Set the pictures aside and write down, exactly as they appear, the lines from the one containing "VEJA launches the" through the end of the material.

Data below ::
★ ★ ★ ★ ★
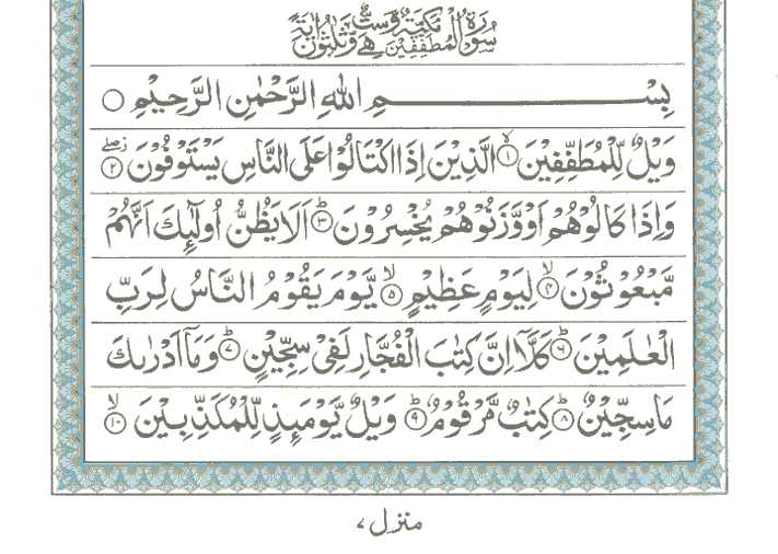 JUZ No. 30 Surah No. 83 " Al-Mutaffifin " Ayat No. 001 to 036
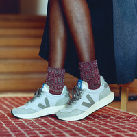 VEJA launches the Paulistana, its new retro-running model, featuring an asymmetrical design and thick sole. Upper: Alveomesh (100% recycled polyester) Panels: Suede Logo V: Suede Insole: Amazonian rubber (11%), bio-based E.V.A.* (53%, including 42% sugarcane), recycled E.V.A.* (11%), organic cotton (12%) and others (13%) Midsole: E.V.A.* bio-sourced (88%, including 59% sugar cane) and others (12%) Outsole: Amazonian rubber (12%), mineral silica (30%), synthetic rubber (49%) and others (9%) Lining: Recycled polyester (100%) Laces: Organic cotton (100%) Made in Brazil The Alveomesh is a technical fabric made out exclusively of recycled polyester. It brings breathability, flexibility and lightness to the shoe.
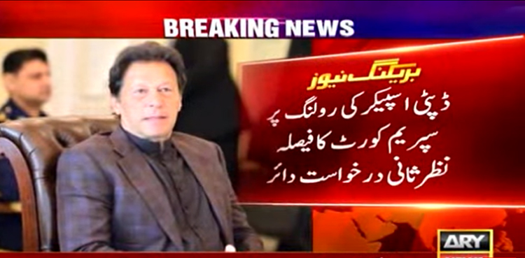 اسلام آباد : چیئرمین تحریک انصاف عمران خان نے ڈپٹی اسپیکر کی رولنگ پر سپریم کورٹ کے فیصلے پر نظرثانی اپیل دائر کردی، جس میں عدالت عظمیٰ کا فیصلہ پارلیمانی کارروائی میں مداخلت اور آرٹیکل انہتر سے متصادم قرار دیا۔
★ ★ ★ ★ ★
Exercise result ::
 VEJA launches the Paulistana, its new retro-running model, featuring an asymmetrical design and thick sole. Upper: Alveomesh (100% recycled polyester) Panels: Suede Logo V: Suede Insole: Amazonian rubber (11%), bio-based E.V.A.* (53%, including 42% sugarcane), recycled E.V.A.* (11%), organic cotton (12%) and others (13%) Midsole: E.V.A.* bio-sourced (88%, including 59% sugar cane) and others (12%) Outsole: Amazonian rubber (12%), mineral silica (30%), synthetic rubber (49%) and others (9%) Lining: Recycled polyester (100%) Laces: Organic cotton (100%) Made in Brazil The Alveomesh is a technical fabric made out exclusively of recycled polyester. It brings breathability, flexibility and lightness to the shoe.
 اسلام آباد : چیئرمین تحریک انصاف عمران خان نے ڈپٹی اسپیکر کی رولنگ پر سپریم کورٹ کے فیصلے پر نظرثانی اپیل دائر کردی، جس میں عدالت عظمیٰ کا فیصلہ پارلیمانی کارروائی میں مداخلت اور آرٹیکل انہتر سے متصادم قرار دیا۔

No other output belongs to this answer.